De receptie verwijst ons naar het enige veldje met rondtrekkend leven. Rondom enkele gloednieuwe joekels van Tabbert-caravans speelt zich een authentiek stukje Roma-folklore af. Blote kindertjes in het gras, geblondeerde, langgehaarde en -gerokte dames eromheen. Ik laveer onze Kip tussen rondslingerende kinderfietsjes, trap-Mercedessen en bierblikjes door naar het ons toegewezen plekje. Pal naast de Tabbert van een Gerrit-van-der-Valk-lookalike. Zo te zien het opperhoofd.
Ik voel me minder op m’n gemak dan tussen autochtone Zweden. Niet zo politiek correct natuurlijk, maar sinds Fortuyn mag dat weer… De Roma-families doen trouwens hun uiterste best om te voldoen aan het stereotype beeld, dat brave burgers van zigeuners hebben.
Groepjes donkere mannen staan rond erg dure Mercedessen en Saabs. Strakker in het pak dan Pim Fortuyn. Uit de car-hifi-systems hoor ik het onvervalste Mokumse accent van André Hazes. Ze houden de conditie van hun dure wagenpark op peil door voortdurend rondjes te rijden. Over de camping..

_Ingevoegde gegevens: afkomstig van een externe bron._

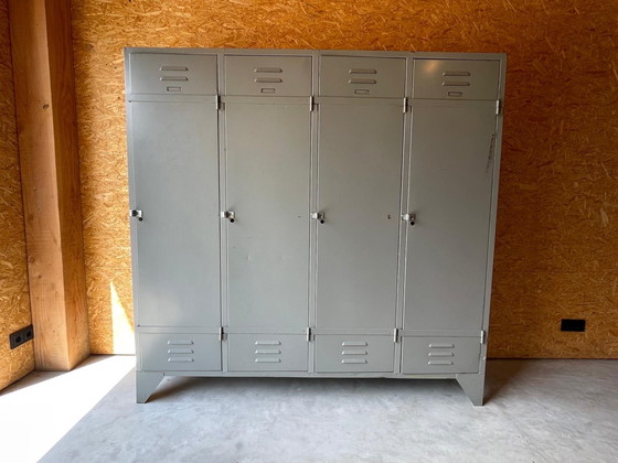 Armoire de rangement industrielle en métal à quatre portes séparées. Finition gris clair, style robuste et minimaliste. Chaque casier conserve son porte-manteau d'origine avec quelques crochets. Les étagères blanches sont facilement amovibles. Nous l'utilisions comme bibliothèque.
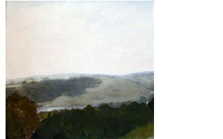 Hoffmann's work celebrates the supernatural; glazed layers of distance and foreground are blurred and redefined by a visionary's naked quest for the truth. Hoffmann unabashedly painted many of these bucolic scenes from a hyper-urban studio at Hunter College in Hell�s Kitchen, where he has recently concluded the graduate program. He is a native Pennsylvanian, which in part might explain the sun-bleached, rural palette and luminous wide-open spaces; but that isn't enough to explain his approach. Hoffmann's choice of landscape as subject is actually quite radical; non-trendy; fraught with levels of projection and meaning, ghosts and epiphanies take root in undulating, sensuous horizons, ridges, lakes, hills and valleys. A lot takes place in these seemingly benign pastorals; which in fact are more political than self-proclaimed
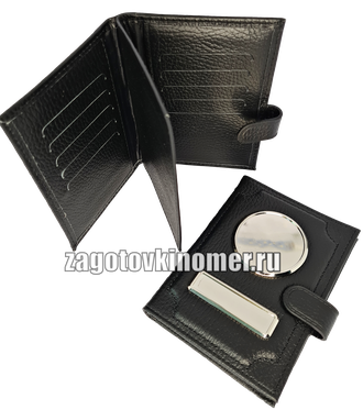 - кожаная обложка из натуральной кожи "флотер" с металлическими вставками ( 2в1 с отделом под паспорт на застежке + отделы под карточки)
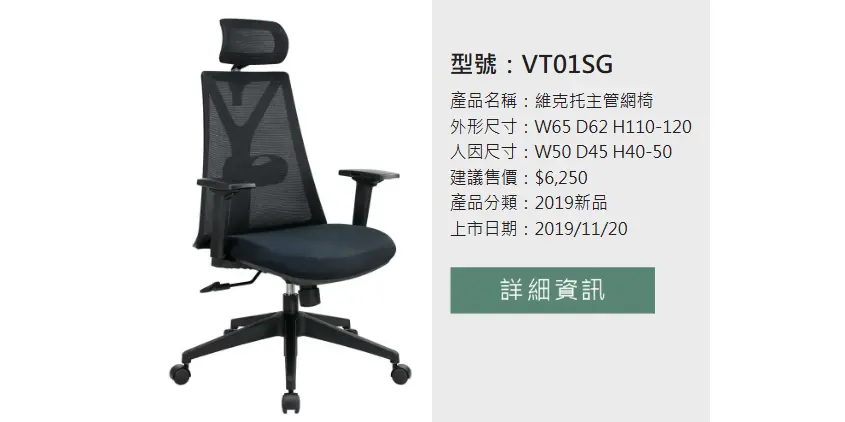 年底是辦公家具更新的旺季,向您推薦本公司2019年12月新產品。 產品型號:VT01SG 產品名稱:維克托主管網椅 外形尺...
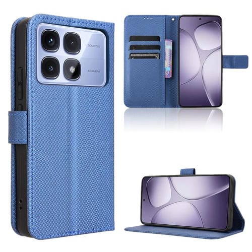 Funda de Cuero con Textura de Diamante para Redmi K70 Ultra (Azul)
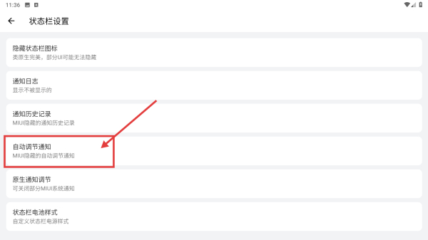 2、在狀態(tài)欄設(shè)置頁面,選擇自動調(diào)節(jié)通知選項,進(jìn)入系統(tǒng)界面調(diào)節(jié)工具頁面。

De rolstoel van Joost trekt eventjes de aandacht van de jongste generatie. Een mooi donker meisje zit gehurkt midden op het pad. Ze vormt de oorsprong van een smal, onwelriekend stroompje, dat zich een weg naar de berm zoekt.
We gaan kijken wat Oskarshamn in petto heeft. Behalve een bibliotheek met internetaansluiting is er een winkelcentrum met heuse flaneerpassage, waar we kunnen schuilen als de regen weer eens met bakken uit de hemel komt. Verder een -gratis- rolstoelparkeerplaats, met voldoende ruimte om onze los meegenomen oprijgoten naar de zijdeur van Joost te leiden.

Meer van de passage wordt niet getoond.